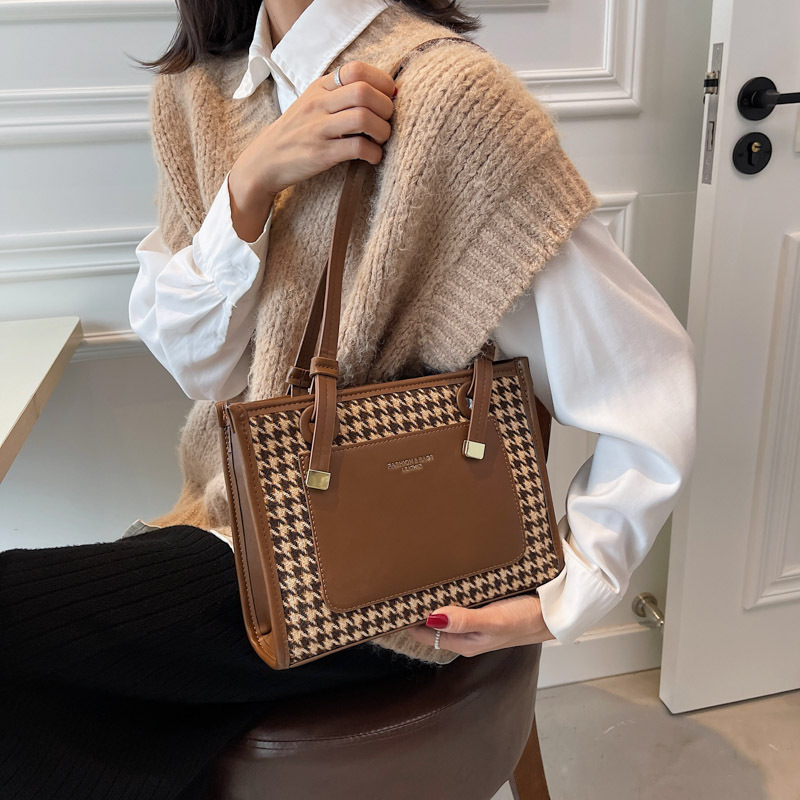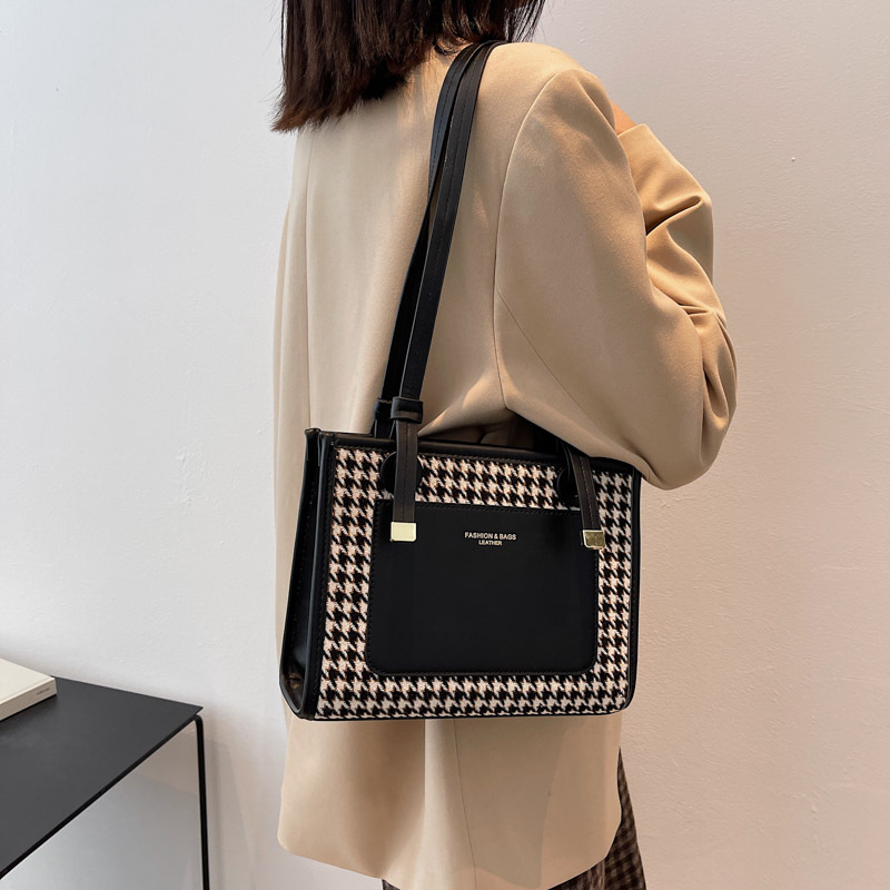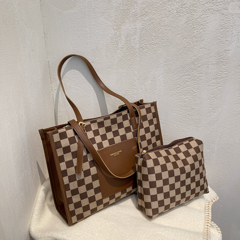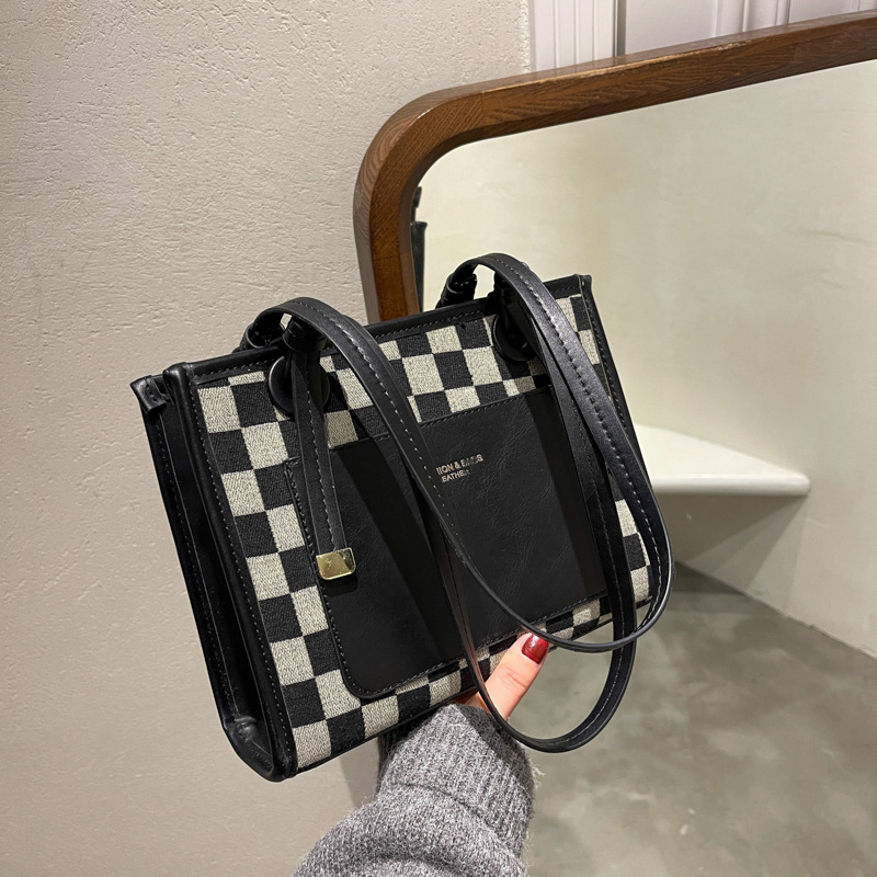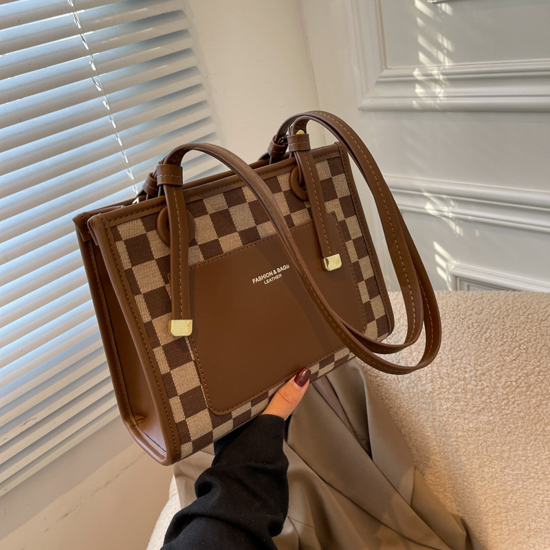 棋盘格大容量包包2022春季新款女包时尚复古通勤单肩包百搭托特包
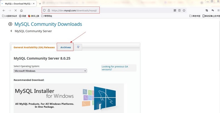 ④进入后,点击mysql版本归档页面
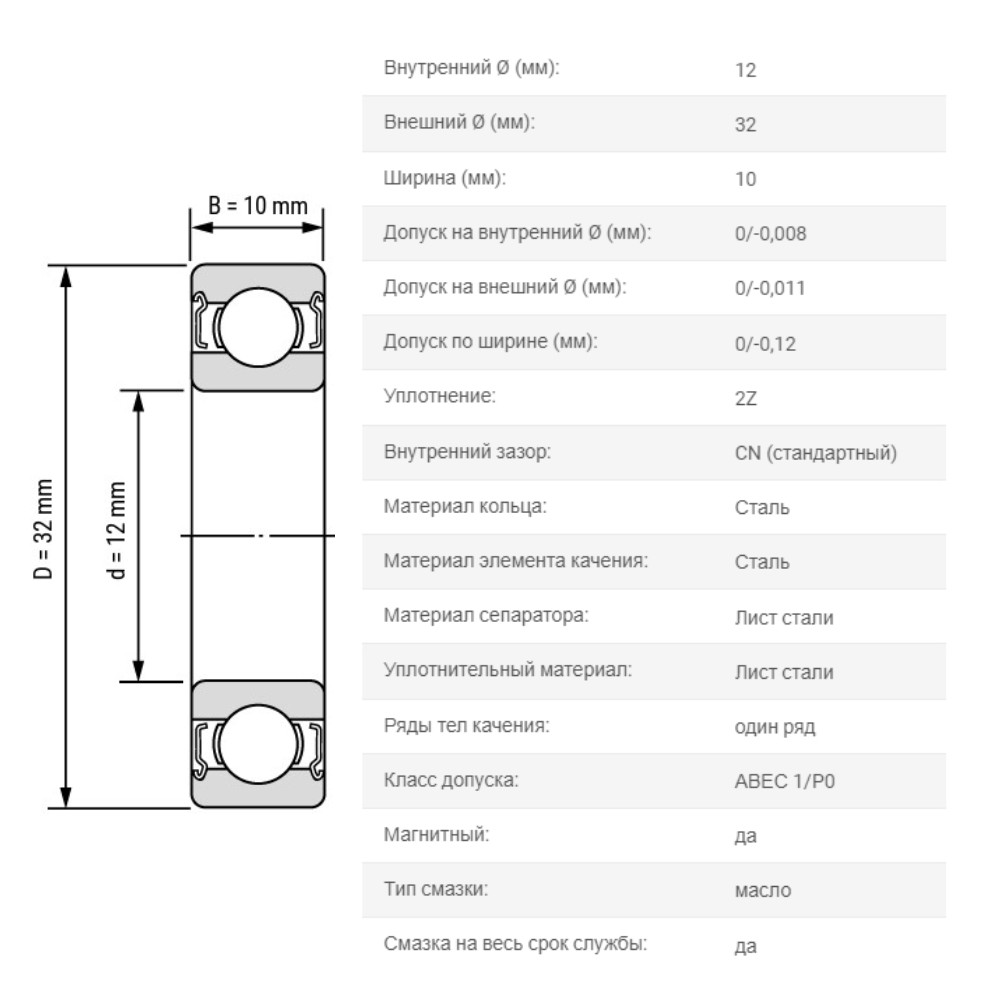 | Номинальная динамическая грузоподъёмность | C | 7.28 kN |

----------

__Task item__: Each word of the data should be repeated exactly, and the pictures left out.

__Answer to the exercise__:
 棋盘格大容量包包2022春季新款女包时尚复古通勤单肩包百搭托特包
 ④进入后,点击mysql版本归档页面
 | Номинальная динамическая грузоподъёмность | C | 7.28 kN |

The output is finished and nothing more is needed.